Planetary collisions are thought to be common in young star systems, but they are difficult to detect. The planets must have orbits that take them directly in front of their home star, so that debris blocks parts of the star’s light, which telescopes can detect and measure in both the visible and infrared light.
Tzanidakis discovered the first clue while combing through telescope data, including observations made by NASA’s SPHERex mission. In 2016, Gaia20ehk looked like a regular, stable star. But about five years later, the light suddenly dipped three times and things quickly turned chaotic.
“Right around 2021, things went completely wrong,” Tzanidakis said. “I can’t stress enough that stars like our sun don’t.
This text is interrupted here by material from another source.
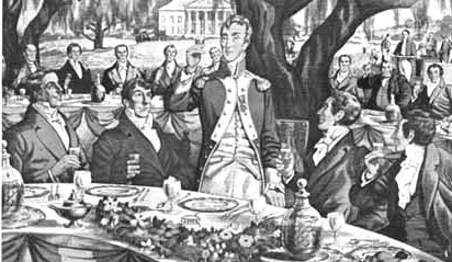 The painting in this 1949 advertisement is an image of James Crow and the Marquis De Lafayette in 1825.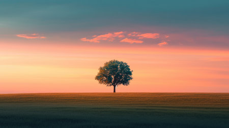 A stunning solitary tree stands silhouetted against a colorful sunset sky, capturing the essence of tranquility in nature's vibrant display. Perfect for serene landscapes.

So when we saw this one, we thought, ‘Hey, what’s going on here?’
Gaia20ehk’s particular changes – brief dips in brightness and then chaos – had never been observed before, creating a puzzle for the astronomers.

The first clue to what might be happening came from visible light data, which showed that something repeatedly passed in front of the star, blocking parts of the light. But visible light alone couldn’t tell if the culprit was just liquid dust, a starburst, or something far more violent, such as a planet torn apart by the gravity of a supermassive black hole.
To take a closer look, the team analyzed Gaia20ehk’s emissions in the infrared spectrum. As the star’s visible light dimmed and became cluttered, the infrared signal increased, showing that as the system grew fainter, it also grew hotter.
That “could mean the material blocking the star is hot — so hot that it glows in the infrared,” Tzanidakis said.
This finding suggested to the team that a collision between two planets, although rare to see, was most likely, as two planetary bodies could eject hot dust and rock in an orbit that would match their findings.
The scientists believe the planets may not have collided for a single moment. The three early falls of Gaia20ehk may mark grazing encounters as the two bodies spiraled closer together.
“At first they had a range of grazing impacts, which would not produce much infrared energy,” Tzanidakis said. “Then they had their big cataclysmic collision, and the infrared really increased.”
“Andy’s unique work leverages decades of data to find things that happen slowly—astronomical stories that unfold over the course of a decade,” senior author of the study James Davenportan assistant research professor of astronomy at the University of Washington, said in the statement. “There aren’t many researchers looking for phenomena in this way, which means all kinds of discoveries are potentially on the way.”

The team hopes the powerful Simonyi Survey Telescope on Vera C. Rubin Observatory can be used to detect other planetary collisions that may be difficult to spot. Davenport estimates that using Rubin, astronomers could discover 100 new impacts over the next decade. Finding other planetary collisions could help the search for possible habitable worlds that, like Earth, have a moon that helps shield them from asteroids, affects their tides, and has other factors that make the world more inviting.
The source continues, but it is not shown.